__What the task asks__. All of the lines below are to be transcribed faithfully, with pictures excluded from the copy.

__The data__.
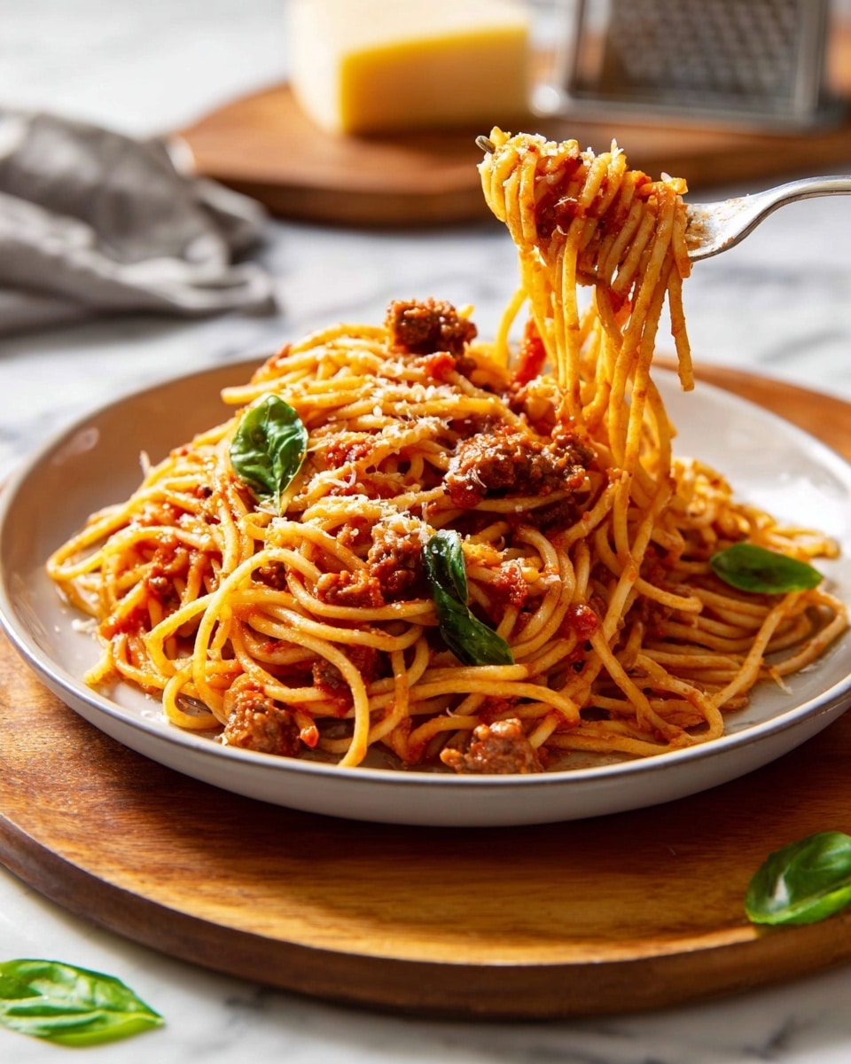 Preheat your oven to 350°F (175°C). In a large baking dish, mix the cooked spaghetti with the sauce and meat mixture until it’s evenly coated. Sprinkle the shredded mozzarella and the remaining Parmesan cheese on top, and finish with the rest of the fresh basil leaves. Pop it in the oven, uncovered, and bake for about 25-30 minutes until the cheese is melted, bubbly, and slightly golden on top.
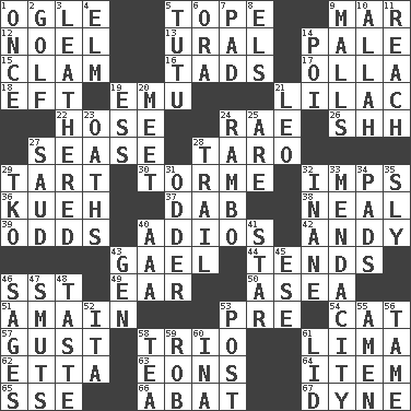 ACROSS 1. Stare 5. Drink excessively 9. Spoil 12. Christmas carol 13. Mountain range 14. Diluted with white 15. Dollar (slang) 16. Small amounts or degrees 17. Rounded earthenware pot or jar 18. Lizard (obsolete) 19. Australian flightless bird 21. Pale purple color 22. Stockings 24. Actress Charlotte 26. Quiet! 27. Gospel singer Marvin 28. Edible starchy tuberous root 29. Small pie 30. Singer Mel 32. Naughty children 36. Malaysian steamed pastry 37. Pat or tap gently 38. Anneal 39. Probability 40. Goodbye (Sp.) 42. "60 Minutes" Commentator Rooney 43. Highlander 44. Watches over 46. Fast jet (abbr.) 49. Hearing organ 50. Toward the sea 51. At full speed 53. Before (prefix) 54. Domesticated feline 57. Abrupt rush of wind 58. Musical group of three 61. Pale green bean 62. Singer James 63. Immeasurably long periods of time 64. Detail 65. Compass dir. 66. Blind as ____ 67. Centimeter-gram-second unit of force DOWN 1. At one time in the past 2. _ course 3. Tough but pliablecoriaceous 4. Shade tree 5. Ballerina skirt 6. Mouth or opening 7. Writing tablet 8. Raised railways 9. Shopping centers 10. Assad's deity 11. Arrive at 14. Luau course 19. Curvy letter 20. Rendezvous 21. Lion 23. Profane or obscene expressions 24. Role for Stallone 25. "We ___ not amused" (Victoria) 27. Saudi Arabian king (1953-1964) 28. Go after with the intent to catch 29. Ring climax 31. More peculiar 32. Empty; void 33. Ananias' fault 34. Groovy apts. 35. Cunning 40. American Automobile Association (abbr.) 41. Play the lead 43. Commissioned military rank (abbr.) 45. Compass dir. 46. Gurus 47. Particles of soot 48. Clothes sense 52. Call ___ day 53. Mail 55. So be it 56. Not wild 58. Afternoon social gathering 59. Director Reiner 60. _ tizzy (2 wds.) 61. Hat (slang)
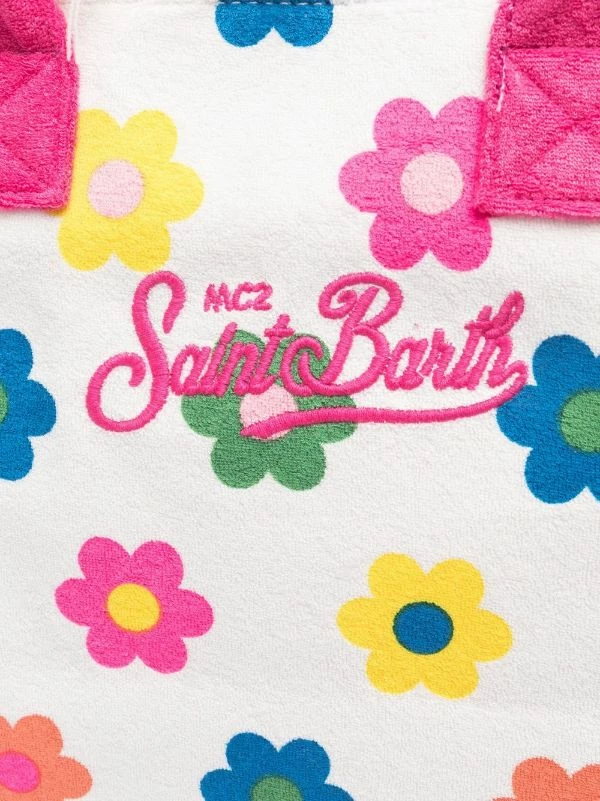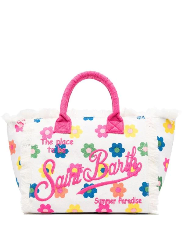 Weiß, Hot Pink, Baumwolle, kleinflächiger Blumen-Print, Logo-Stickerei vorne, runde Henkel.
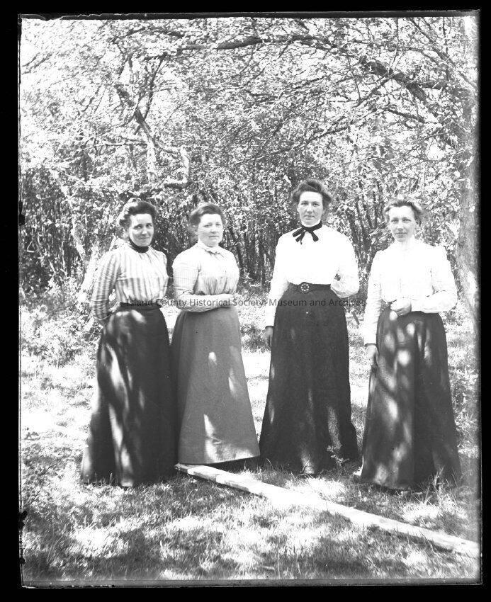 Photo of four women posing in a wooded area. The women; starting from left to right; is wearing a verticle lined button shirt with a dark skirt, a solid colored button shirt and a light colored skirt, and lastly the two to the right are wearing white button shirts, the one to the far right is wearing a lighter shaded skirt than the other.Made/Created
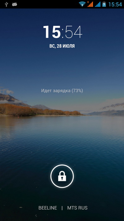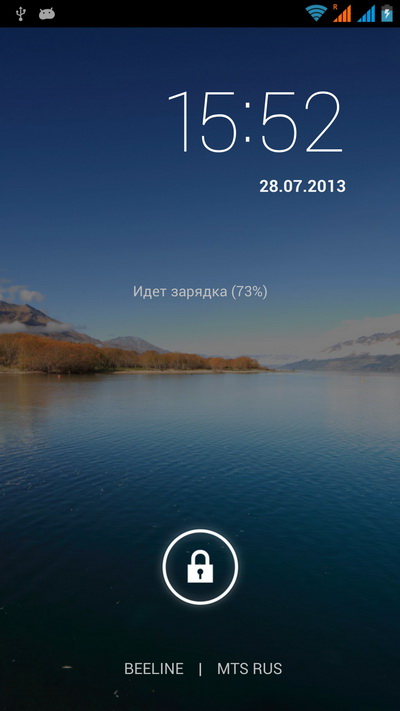 Экран блокировки. Если есть пропущенные сообщения или звонки, на экране появляются соответствующие пиктограммы.
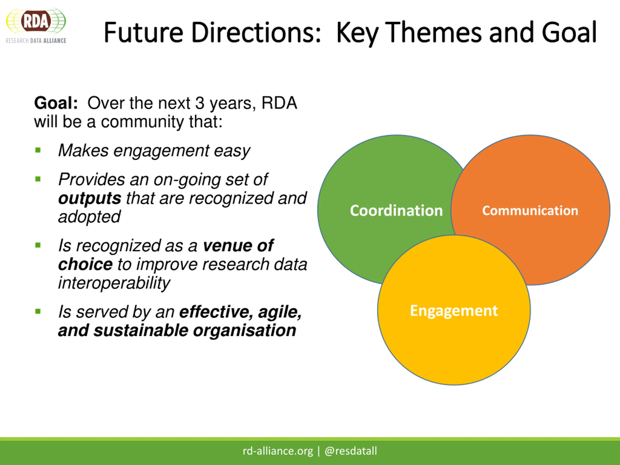 Future Directions: Key Themes and Goal Future Directions: Key Themes and Goal Goal: Over the next 3 years, RDA will be a community that: Makes engagement easy Provides an on-going set of outputs that are recognized and adopted Coordination Communication Is recognized as a venue of choice to improve research data interoperability Is served by an effective, agile, and sustainable organisation Engagement rd-alliance.org | @resdatall
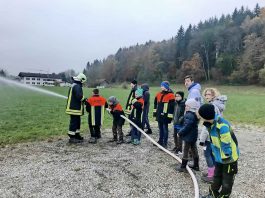 Verschiedene Stationen wie Atemschutz, Höhenrettung und Feuer-Kontakt waren im Programm für diesen Tag der Begegnungen und Erfahrungen. Das Löschen mit einer Kübelspritze, mit Feuerlöscher oder mit einer Spritzwand waren ebenso lehrreich wie die Betrachtungen der Vorführungen bei einem Palettenbrand oder bei einem Fettbrand. Das Gesehene oder selbst Gemachte klang bei einer gemütlichen Brotzeit und einem weiteren Gedankenaustausch aus. Das Resümee war laut Feuerwehr-Vorstand Martin Loferer durchaus positiv als er sagte: „Die Feuerwehr Atzing freut sich über weitere Mitglieder für die Jugendfeuerwehr“.
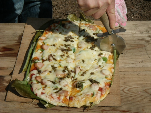 木の輪切りを使ったネームバッジ作りと窯ピザ作りをとおして
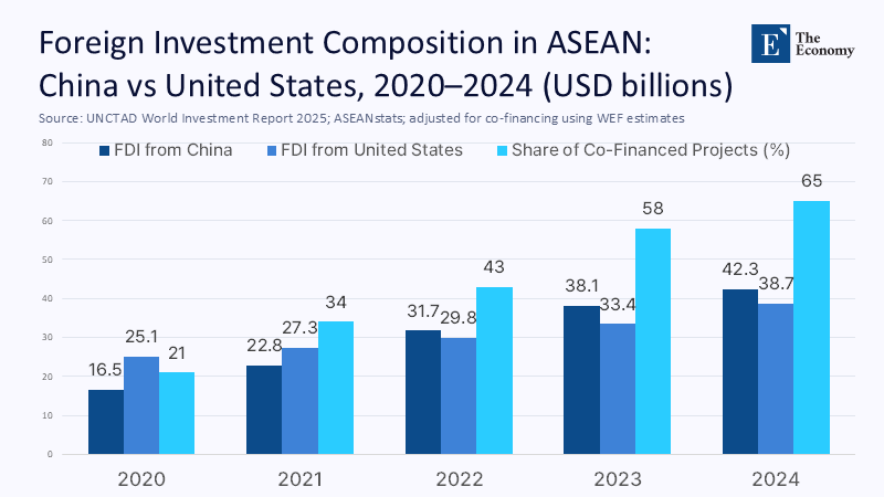 Numbers sharpen the story. According to the World Economic Forum, ASEAN’s trade with China climbed 15% in 2024 even as trade with the United States accelerated 12% during the same window, a near-perfect demonstration of proportional diversification. Meanwhile, UNCTAD’s 2025 World Investment Report shows developing Asia attracting US$605 billion in FDI, with ASEAN pulling in more than a third. Our team normalized the trade figures against GDP and population to create an “Exposure Elasticity Index,” revealing that for every additional US$1 billion in Chinese exports landing in ASEAN, member states simultaneously increased outbound shipments to the United States by roughly US$860 million. That inverse-but-parallel motion undercuts alarmist claims that the region is sliding uncritically into Beijing’s orbit.
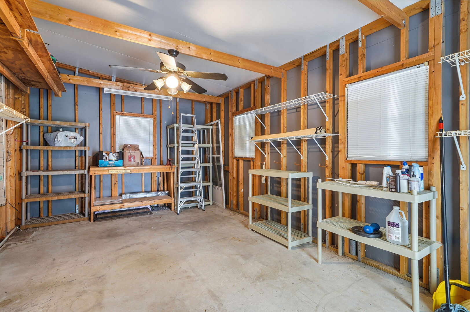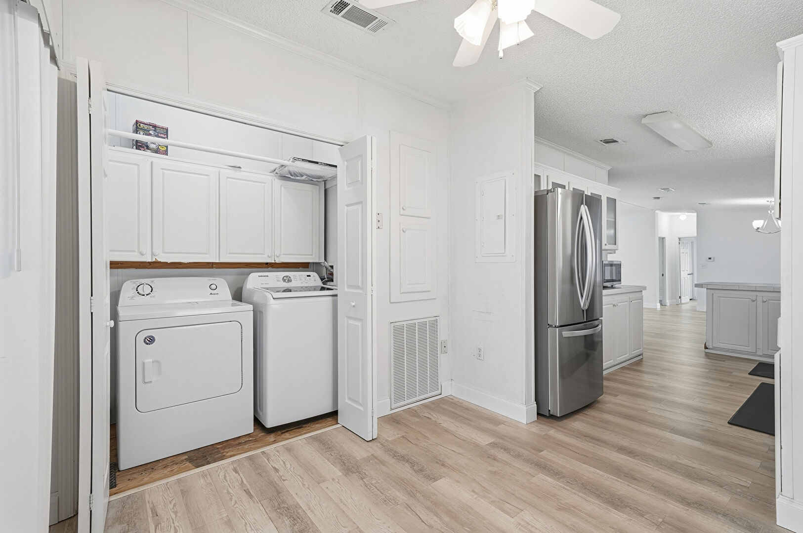Baseboards Wall, Ceiling Fan, Drywall, Laundry, Textured Ceiling, Wood Finish Floor, Vent
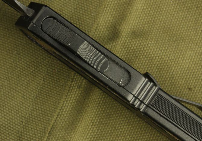 开启长度:22CM 合起长度:13.5CM 刃 厚:0.3CM 硬 度:57 HRC 刃 材:440c 表 面:发黑 把 手:航空铝合金+鲍鱼 壳净 重:220克(整刀) 毛 重:300克(含包装物) 开 合:双动作,直推开关,自动弹出和收回(刀头比较牢固,只有很轻微的摇动) 包 装:耐磨专用战术尼龙套。 口袋刀夹:弹簧刀夹玻璃敲击器:钨质玻璃敲击
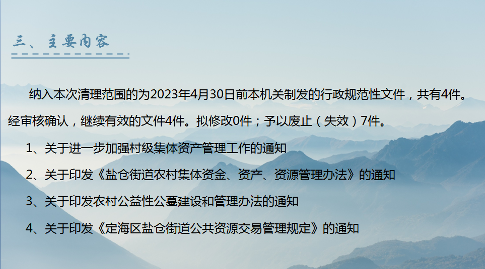 (圖解)《舟山市定海區人民政府鹽倉街道辦事處關于公布行政規范性文件清理結果的通知》政策解讀
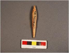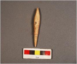 | Description / विवरण | Cylindrical shaped bone needle, pointed end, thick from bottom, stains on surface. |
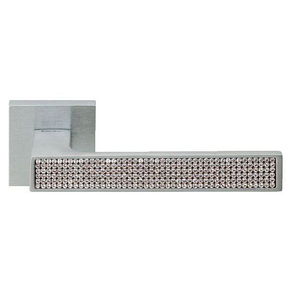 Mosiężna klamka do drzwi na kwadratowym szyldzie o wymiarach 50x50 mm. Charakteryzuje się wysoką jakością wykonania oraz posiada atrakcyjne wykończenie. Jest odpowiednia zarówno do drzwi prawych, jak i lewych. Jej rękojeść jest ozdobiona wieloma kryształami Swarovski, mieniącymi się feerią barw.
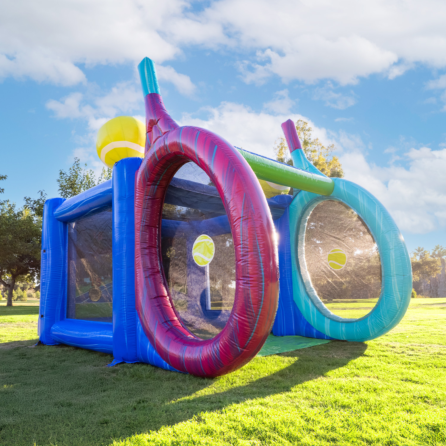 | Shhhhh - the match is about to start! Well, actually, for this tennis game, you can make as much noise as you like. Channel your inner tennis pro with our inflatable tennis game, featuring a variety of fun challenges. It is suitable for promotional events, team-building activities, incentive events, sporting events, corporate events, and much more. Graphics and colors will amaze you!!
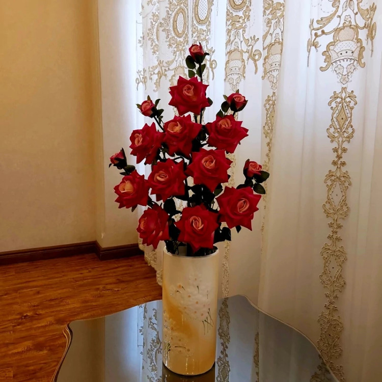 گل مصنوعی رز مخمل سه گل خارجی کد zs531 عالیجناب در ارتفاع 72 سانت
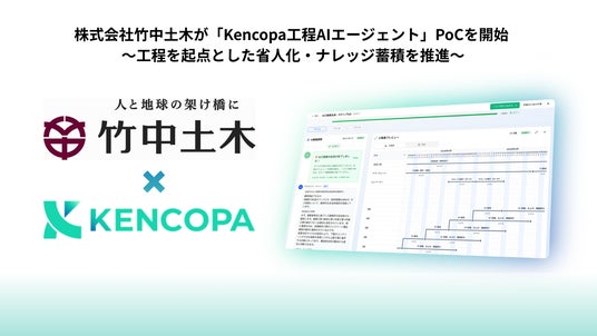 建設現場の省人化・自動化に挑む株式会社KENCOPA(本社:東京都渋谷区、代表取締役CEO:安村 荘佑、以下 KENCOPA)は、株式会社竹中土木(本社:東京都江東区、取締役社長:竹中 祥悟、以下 竹中土木)において、当社が開発する建設業務特化型AIエージェント「Kencopa工程AIエージェント」PoC(概念検証)が開始されたことをお知らせします。
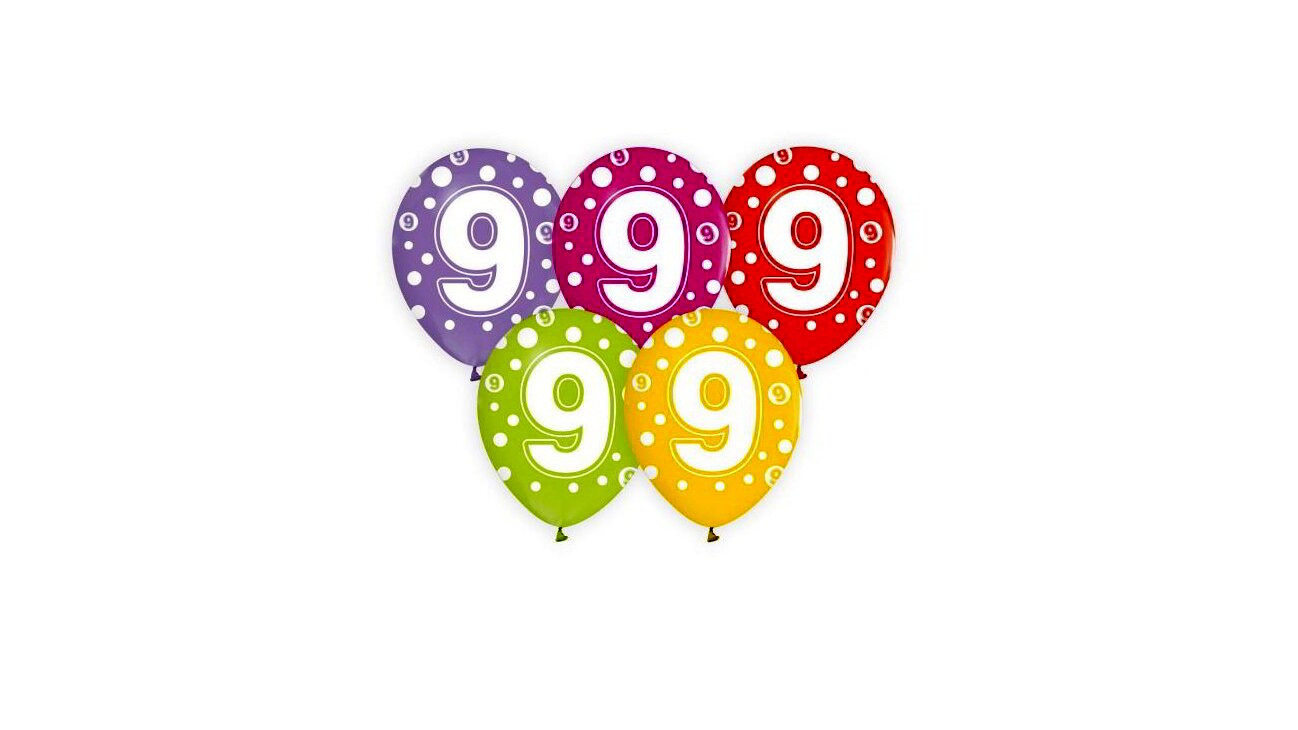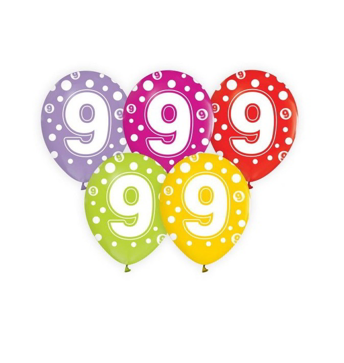 Színes, fehér pöttyökkel és 9-es számmal dekorált luficsomag. A szett 5 db lufit tartalmaz.

__Written reply__.
 Preheat your oven to 350°F (175°C). In a large baking dish, mix the cooked spaghetti with the sauce and meat mixture until it’s evenly coated. Sprinkle the shredded mozzarella and the remaining Parmesan cheese on top, and finish with the rest of the fresh basil leaves. Pop it in the oven, uncovered, and bake for about 25-30 minutes until the cheese is melted, bubbly, and slightly golden on top.
 ACROSS 1. Stare 5. Drink excessively 9. Spoil 12. Christmas carol 13. Mountain range 14. Diluted with white 15. Dollar (slang) 16. Small amounts or degrees 17. Rounded earthenware pot or jar 18. Lizard (obsolete) 19. Australian flightless bird 21. Pale purple color 22. Stockings 24. Actress Charlotte 26. Quiet! 27. Gospel singer Marvin 28. Edible starchy tuberous root 29. Small pie 30. Singer Mel 32. Naughty children 36. Malaysian steamed pastry 37. Pat or tap gently 38. Anneal 39. Probability 40. Goodbye (Sp.) 42. "60 Minutes" Commentator Rooney 43. Highlander 44. Watches over 46. Fast jet (abbr.) 49. Hearing organ 50. Toward the sea 51. At full speed 53. Before (prefix) 54. Domesticated feline 57. Abrupt rush of wind 58. Musical group of three 61. Pale green bean 62. Singer James 63. Immeasurably long periods of time 64. Detail 65. Compass dir. 66. Blind as ____ 67. Centimeter-gram-second unit of force DOWN 1. At one time in the past 2. _ course 3. Tough but pliablecoriaceous 4. Shade tree 5. Ballerina skirt 6. Mouth or opening 7. Writing tablet 8. Raised railways 9. Shopping centers 10. Assad's deity 11. Arrive at 14. Luau course 19. Curvy letter 20. Rendezvous 21. Lion 23. Profane or obscene expressions 24. Role for Stallone 25. "We ___ not amused" (Victoria) 27. Saudi Arabian king (1953-1964) 28. Go after with the intent to catch 29. Ring climax 31. More peculiar 32. Empty; void 33. Ananias' fault 34. Groovy apts. 35. Cunning 40. American Automobile Association (abbr.) 41. Play the lead 43. Commissioned military rank (abbr.) 45. Compass dir. 46. Gurus 47. Particles of soot 48. Clothes sense 52. Call ___ day 53. Mail 55. So be it 56. Not wild 58. Afternoon social gathering 59. Director Reiner 60. _ tizzy (2 wds.) 61. Hat (slang)
 Weiß, Hot Pink, Baumwolle, kleinflächiger Blumen-Print, Logo-Stickerei vorne, runde Henkel.
 Photo of four women posing in a wooded area. The women; starting from left to right; is wearing a verticle lined button shirt with a dark skirt, a solid colored button shirt and a light colored skirt, and lastly the two to the right are wearing white button shirts, the one to the far right is wearing a lighter shaded skirt than the other.Made/Created
 Экран блокировки. Если есть пропущенные сообщения или звонки, на экране появляются соответствующие пиктограммы.
 Future Directions: Key Themes and Goal Future Directions: Key Themes and Goal Goal: Over the next 3 years, RDA will be a community that: Makes engagement easy Provides an on-going set of outputs that are recognized and adopted Coordination Communication Is recognized as a venue of choice to improve research data interoperability Is served by an effective, agile, and sustainable organisation Engagement rd-alliance.org | @resdatall
 Verschiedene Stationen wie Atemschutz, Höhenrettung und Feuer-Kontakt waren im Programm für diesen Tag der Begegnungen und Erfahrungen. Das Löschen mit einer Kübelspritze, mit Feuerlöscher oder mit einer Spritzwand waren ebenso lehrreich wie die Betrachtungen der Vorführungen bei einem Palettenbrand oder bei einem Fettbrand. Das Gesehene oder selbst Gemachte klang bei einer gemütlichen Brotzeit und einem weiteren Gedankenaustausch aus. Das Resümee war laut Feuerwehr-Vorstand Martin Loferer durchaus positiv als er sagte: „Die Feuerwehr Atzing freut sich über weitere Mitglieder für die Jugendfeuerwehr“.
 木の輪切りを使ったネームバッジ作りと窯ピザ作りをとおして
 Numbers sharpen the story. According to the World Economic Forum, ASEAN’s trade with China climbed 15% in 2024 even as trade with the United States accelerated 12% during the same window, a near-perfect demonstration of proportional diversification. Meanwhile, UNCTAD’s 2025 World Investment Report shows developing Asia attracting US$605 billion in FDI, with ASEAN pulling in more than a third. Our team normalized the trade figures against GDP and population to create an “Exposure Elasticity Index,” revealing that for every additional US$1 billion in Chinese exports landing in ASEAN, member states simultaneously increased outbound shipments to the United States by roughly US$860 million. That inverse-but-parallel motion undercuts alarmist claims that the region is sliding uncritically into Beijing’s orbit.
Baseboards Wall, Ceiling Fan, Drywall, Laundry, Textured Ceiling, Wood Finish Floor, Vent
 开启长度:22CM 合起长度:13.5CM 刃 厚:0.3CM 硬 度:57 HRC 刃 材:440c 表 面:发黑 把 手:航空铝合金+鲍鱼 壳净 重:220克(整刀) 毛 重:300克(含包装物) 开 合:双动作,直推开关,自动弹出和收回(刀头比较牢固,只有很轻微的摇动) 包 装:耐磨专用战术尼龙套。 口袋刀夹:弹簧刀夹玻璃敲击器:钨质玻璃敲击
 (圖解)《舟山市定海區人民政府鹽倉街道辦事處關于公布行政規范性文件清理結果的通知》政策解讀
 | Description / विवरण | Cylindrical shaped bone needle, pointed end, thick from bottom, stains on surface. |
 Mosiężna klamka do drzwi na kwadratowym szyldzie o wymiarach 50x50 mm. Charakteryzuje się wysoką jakością wykonania oraz posiada atrakcyjne wykończenie. Jest odpowiednia zarówno do drzwi prawych, jak i lewych. Jej rękojeść jest ozdobiona wieloma kryształami Swarovski, mieniącymi się feerią barw.
 | Shhhhh - the match is about to start! Well, actually, for this tennis game, you can make as much noise as you like. Channel your inner tennis pro with our inflatable tennis game, featuring a variety of fun challenges. It is suitable for promotional events, team-building activities, incentive events, sporting events, corporate events, and much more. Graphics and colors will amaze you!!
 گل مصنوعی رز مخمل سه گل خارجی کد zs531 عالیجناب در ارتفاع 72 سانت
 建設現場の省人化・自動化に挑む株式会社KENCOPA(本社:東京都渋谷区、代表取締役CEO:安村 荘佑、以下 KENCOPA)は、株式会社竹中土木(本社:東京都江東区、取締役社長:竹中 祥悟、以下 竹中土木)において、当社が開発する建設業務特化型AIエージェント「Kencopa工程AIエージェント」PoC(概念検証)が開始されたことをお知らせします。
 Színes, fehér pöttyökkel és 9-es számmal dekorált luficsomag. A szett 5 db lufit tartalmaz.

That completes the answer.